Together with other members of the Laboratory of Hormonal Regulations in Plants we presented a proposal of the system of abbreviations of purine cytokinins (Kamínek et al., Plant Growth Regulation 2000) and contributed to the preparation of the nomenclature for members of the two-component pathway in plants involved e.g. in cytokinin signaling (Heyl et al., Plant Physiology 2013).
In addition to the above mentioned activities our research is also focused on understanding and elucidation of potential control of cytokinin contents and activities in plants during the root-to-shoot transport (Kašík et al., Anal Bioanal Chem 2010), the floral organ development (Quinet et al., Journal of Experimental Botany 2014) and the formation and modifications of plant defense mechanisms against bacterial pathogens (Hann et al., New Phytologist 2014). Last but not least we are involved in exploration of regulatory functions of transcriptional factors in relation to phytohormones in control of plant growth, development and salinity response (Hichri et al., Plant Physiology 2014 and Plant Cell and Environment 2015). Attention is also paid to exploitation of our findings to increase resistance (Zhang et al., Journal of Integrative Plant Biology 2010) and productivity (Sýkorová et al., Journal of Experimental Botany 2008; Rubia et al., Journal of Plant Growth Regulation 2014) of crop plants.
We collaborate with many scientific institutions such as Institute of Plant Sciences, ETH Zurich, Switzerland (Prof.

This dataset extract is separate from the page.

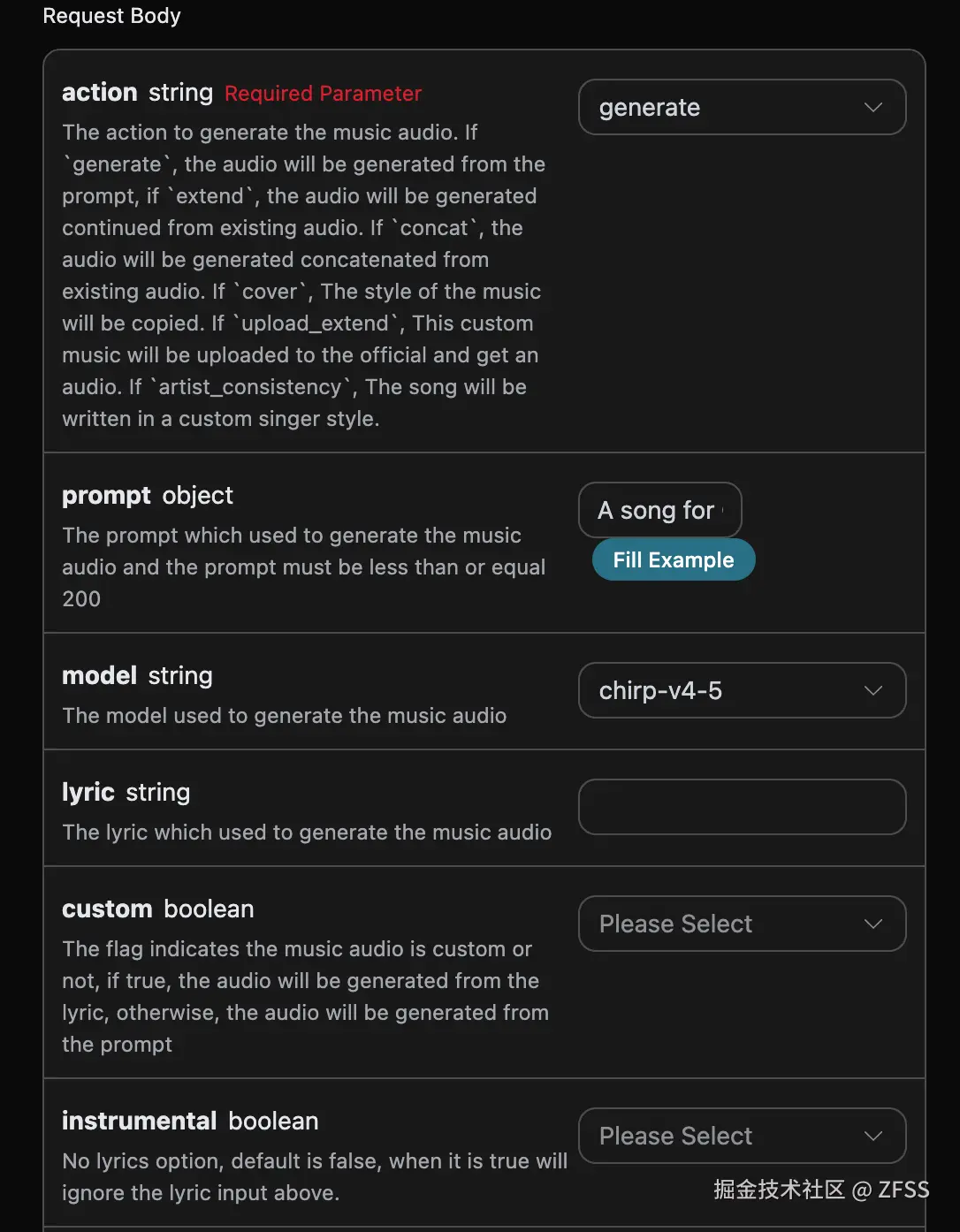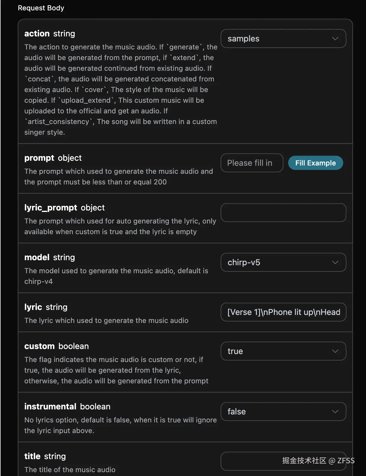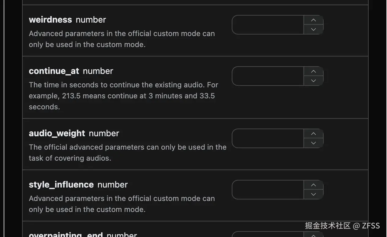 action:此次音乐生成任务的行为,默认是generate,主要包含:extend、upload_extend、cover、upload_cover、replace_section、replace_section、concat、stems、all_stems、remaster。prompt:Suno 官方的灵感模式的提示词。model:此次音乐生成任务的模型,默认是chirp-v3-5,主要包含:chirp-v3、chirp-v4、chirp-v3-5、chirp-v4-5、chirp-v4-5-plus、chirp-v5。lyric:Suno 官方的自定义模式的歌词内容。custom:是否采用自定义模式,默认是:false。instrumental:Suno 官方的灵感模式的纯音乐选项。title:Suno 官方的自定义模式的音乐标题。style:Suno 官方的自定义模式的音乐风格。style_negative:Suno 官方的自定义模式的排除风格。audio_weight:上传的参考音频占比,范围 0-1,越大越依赖参考音频。audio_id:参考音乐的 ID。overpainting_start/overpainting_end:为已有纯音乐补充人声的起止时间,单位秒。underpainting_start/underpainting_end:为清唱加伴奏的起止时间,单位秒。persona_id:艺术家的歌曲 ID。continue_at:以秒为单位继续现有音频的时间。例如,213.5 表示继续到 3 分 33.5 秒。style_influence:style_influence高级参数。replace_section_end:替换片段的最终时间。replace_section_start:替换片段的起始时间。vocal_gender:控制男女声,女声f,男声m,4.5 及以上模型有效。weirdness:weirdness高级参数。lyric_prompt:生成歌词的 prompt,当且仅当custom为true并且lyric没有传的时候生效。callback_url:需要回调结果的 URL。
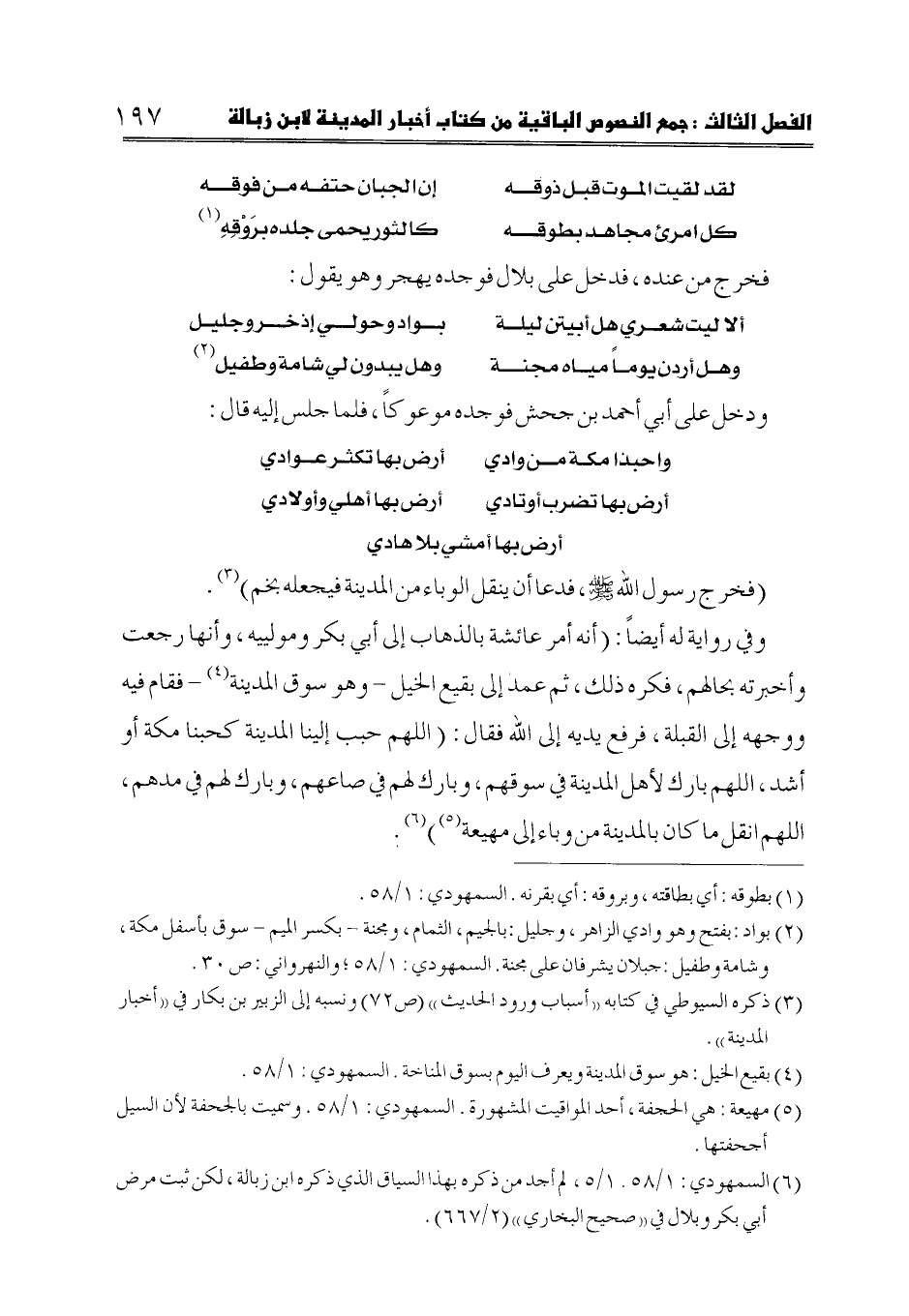 (6) السمهودي: 1/ 58. 1/ 5، لم أجد من ذكره بهذا السياق الذي ذكره ابن زبالة، لكن ثبت مرض أبي بكر وبلال في ((صحيح البخاري)) (2/ 667).

W. Gruissem); National Laboratory of Plant Molecular Genetics, Shanghai Institutes for Biological Sciences, Chinese Academy of Sciences, Shanghai, China (Prof. P. Zhang); Biozentrum Klein Flottbek, Universität Hamburg, Germany (Dr. K. von Schwartzenberg); Research Centre for Plant Growth and Development, University of KwalaZulu-Natal Pietermaritzburg, South Africa (Dr. W. Stirk, Prof. J. van Staden); Institute of Organic Chemistry with Centre of Phytochemistry, Bulgarian Academy of Sciences, Sofia, Bulgaria (Dr. K. Danova); Acad. M. Popov Institute of Plant Physiology, Bulgarian Academy of Sciences, Sofia, Bulgaria (Dr. K. Ananieva, Prof. E. D.Ananiev); Institut de la terre et de la Vie, Université catholique de Louvain, Louvain-la-Neuve, Belgium (Prof. S. Lutts, Dr. I. Hichri, Dr. M. Quinet); Institute for Biological Research, University of Belgrade, Serbia (Dr. I. Dragićević); Interdisziplinäres Zentrum für Nutzpflanzenforschung, Martin-Luther-Universität Halle-Wittenberg, Germany (Dr. S. Wirsel) and with other colleagues in the Czech Republic and abroad.